What the task requires: From the material below, please set down exactly the lines starting with the one with "Вы можете приобрести" and going on through the one with "STAHLWERK 4 ×", without a single picture.

Input for this task:

□ □ □ □ □ □ □

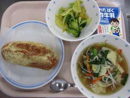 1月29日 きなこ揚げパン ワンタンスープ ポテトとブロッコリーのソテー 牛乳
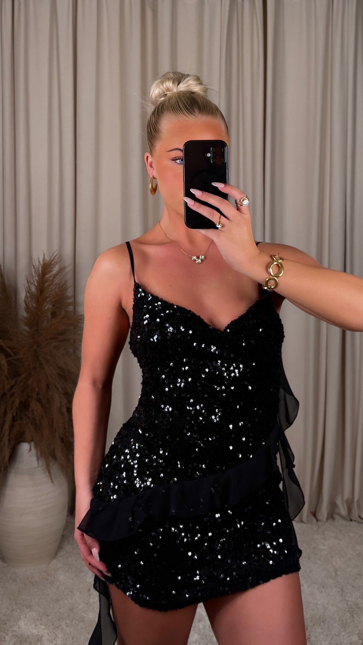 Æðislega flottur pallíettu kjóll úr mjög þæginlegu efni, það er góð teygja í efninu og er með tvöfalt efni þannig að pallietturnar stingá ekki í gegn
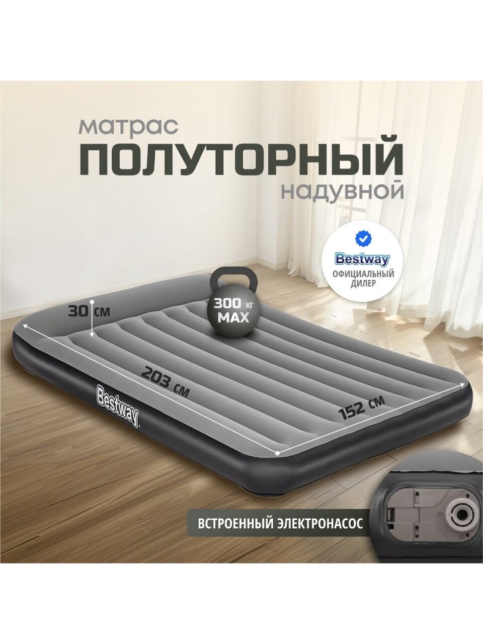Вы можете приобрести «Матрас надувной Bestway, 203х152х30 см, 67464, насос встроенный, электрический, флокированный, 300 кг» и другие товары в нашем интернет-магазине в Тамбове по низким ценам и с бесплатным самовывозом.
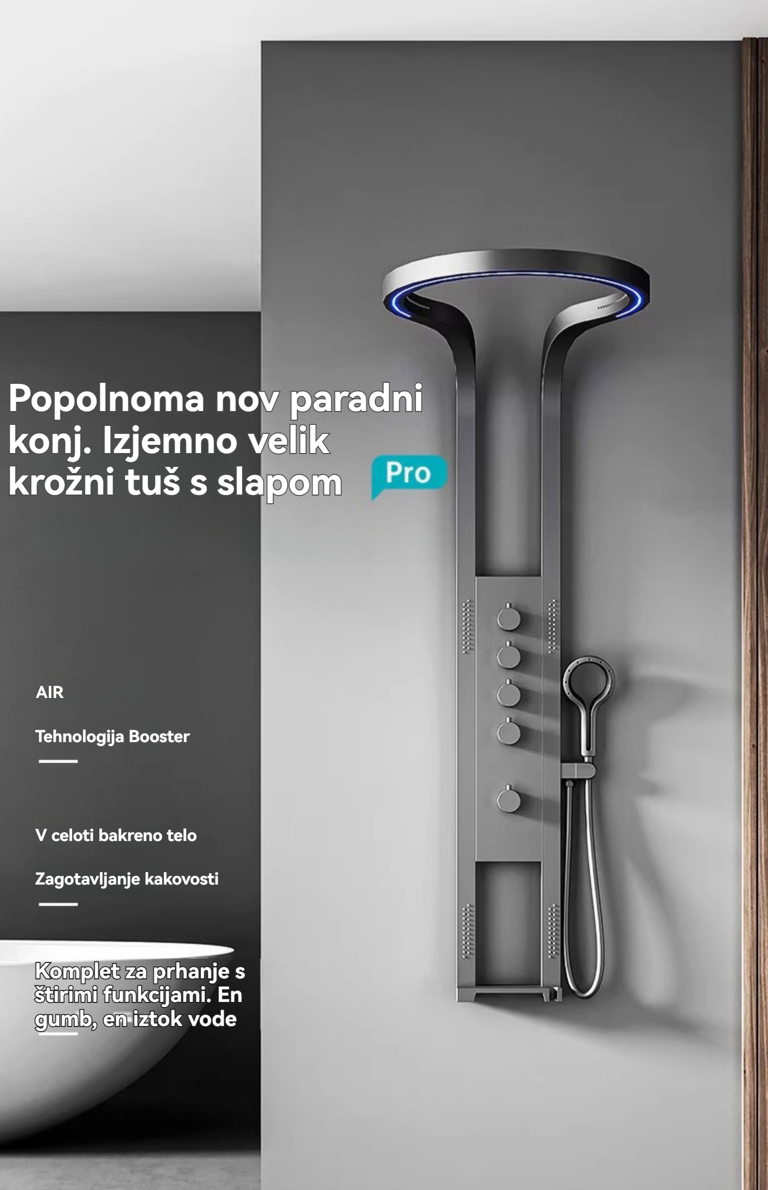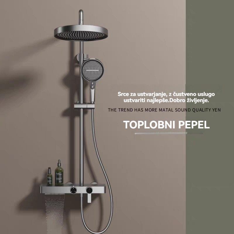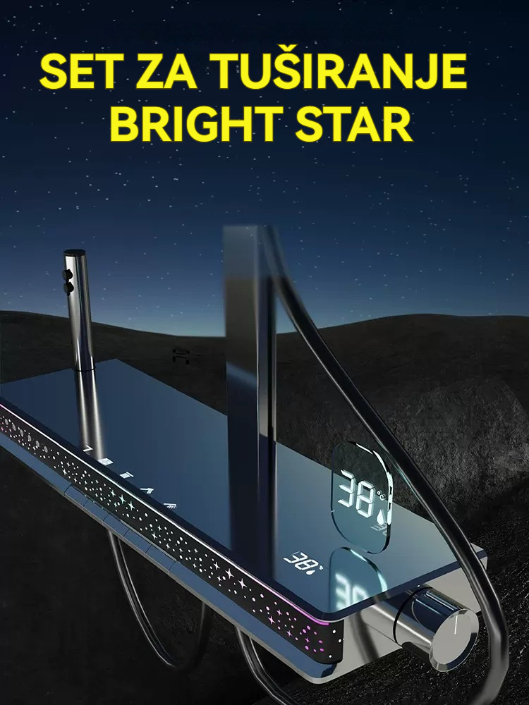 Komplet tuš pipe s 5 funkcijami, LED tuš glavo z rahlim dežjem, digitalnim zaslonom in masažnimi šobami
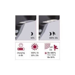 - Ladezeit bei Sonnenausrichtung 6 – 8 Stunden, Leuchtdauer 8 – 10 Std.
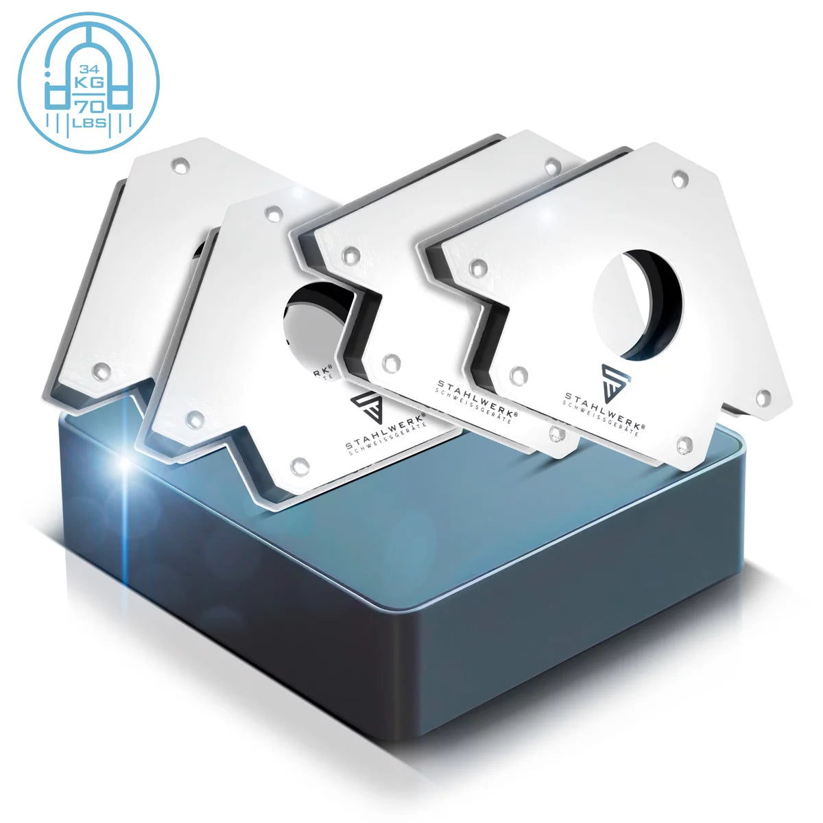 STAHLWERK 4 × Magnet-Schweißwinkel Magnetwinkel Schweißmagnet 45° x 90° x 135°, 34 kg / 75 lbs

□ □ □ □ □ □ □

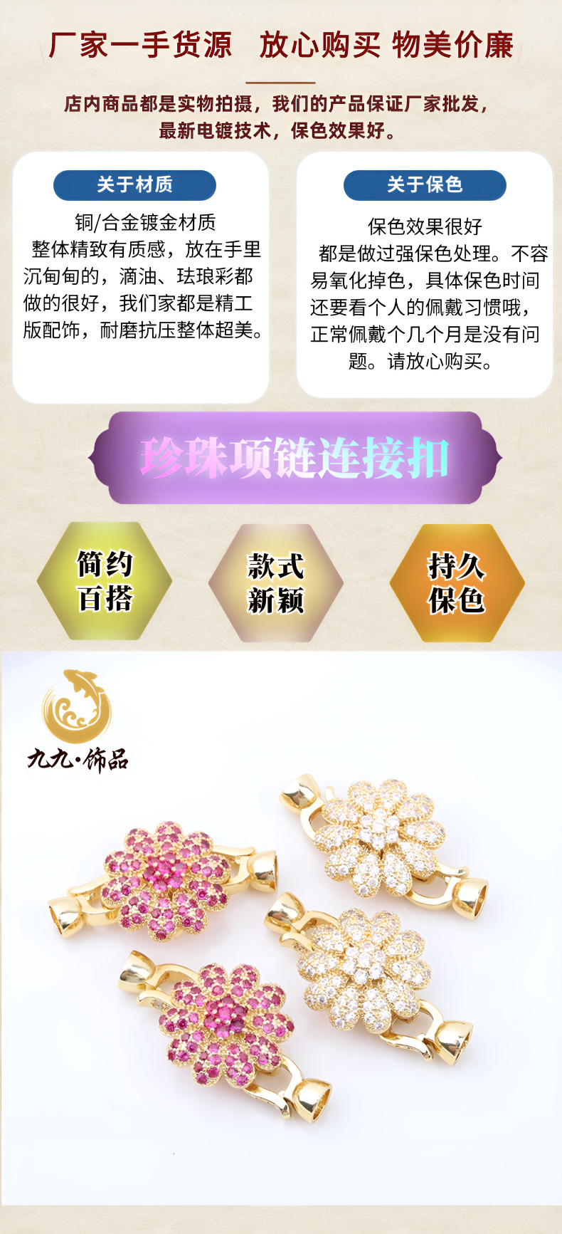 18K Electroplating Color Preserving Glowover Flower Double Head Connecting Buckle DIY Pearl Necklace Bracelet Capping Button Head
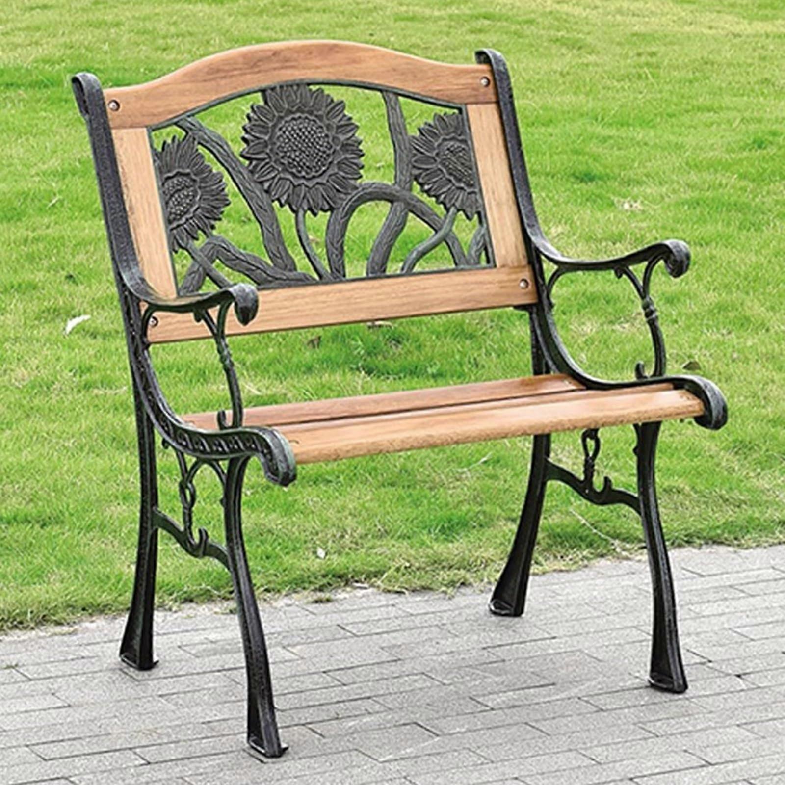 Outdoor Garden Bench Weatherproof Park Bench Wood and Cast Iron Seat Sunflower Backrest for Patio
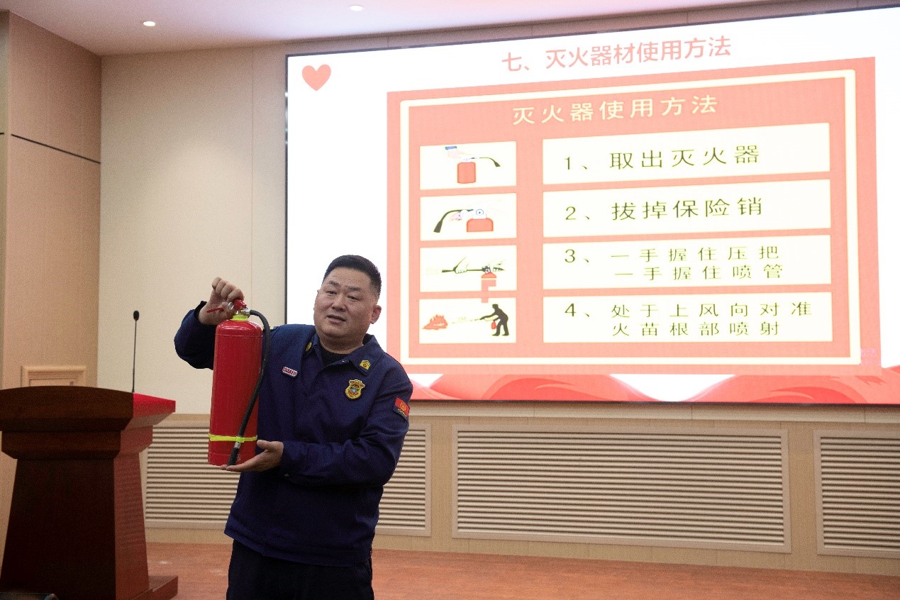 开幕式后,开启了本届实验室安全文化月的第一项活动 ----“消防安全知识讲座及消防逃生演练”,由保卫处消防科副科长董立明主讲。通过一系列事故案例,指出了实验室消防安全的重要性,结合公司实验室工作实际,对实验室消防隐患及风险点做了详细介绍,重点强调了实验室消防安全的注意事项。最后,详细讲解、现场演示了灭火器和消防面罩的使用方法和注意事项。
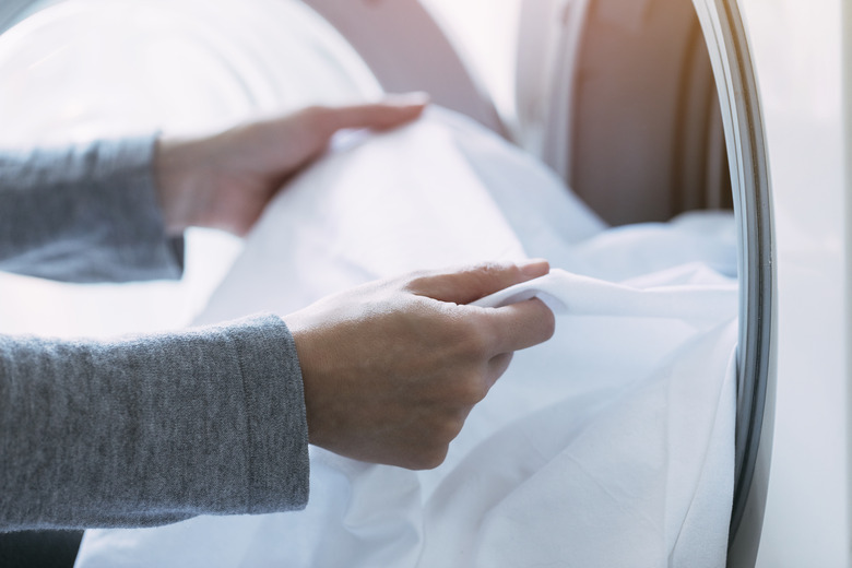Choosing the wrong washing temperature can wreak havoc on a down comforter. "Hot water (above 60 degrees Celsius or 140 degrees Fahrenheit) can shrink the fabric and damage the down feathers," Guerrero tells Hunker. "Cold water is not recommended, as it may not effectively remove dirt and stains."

□ □ □ □ □ □ □

Solution for this exercise:
Вы можете приобрести «Матрас надувной Bestway, 203х152х30 см, 67464, насос встроенный, электрический, флокированный, 300 кг» и другие товары в нашем интернет-магазине в Тамбове по низким ценам и с бесплатным самовывозом.
 Komplet tuš pipe s 5 funkcijami, LED tuš glavo z rahlim dežjem, digitalnim zaslonom in masažnimi šobami
 - Ladezeit bei Sonnenausrichtung 6 – 8 Stunden, Leuchtdauer 8 – 10 Std.
 STAHLWERK 4 × Magnet-Schweißwinkel Magnetwinkel Schweißmagnet 45° x 90° x 135°, 34 kg / 75 lbs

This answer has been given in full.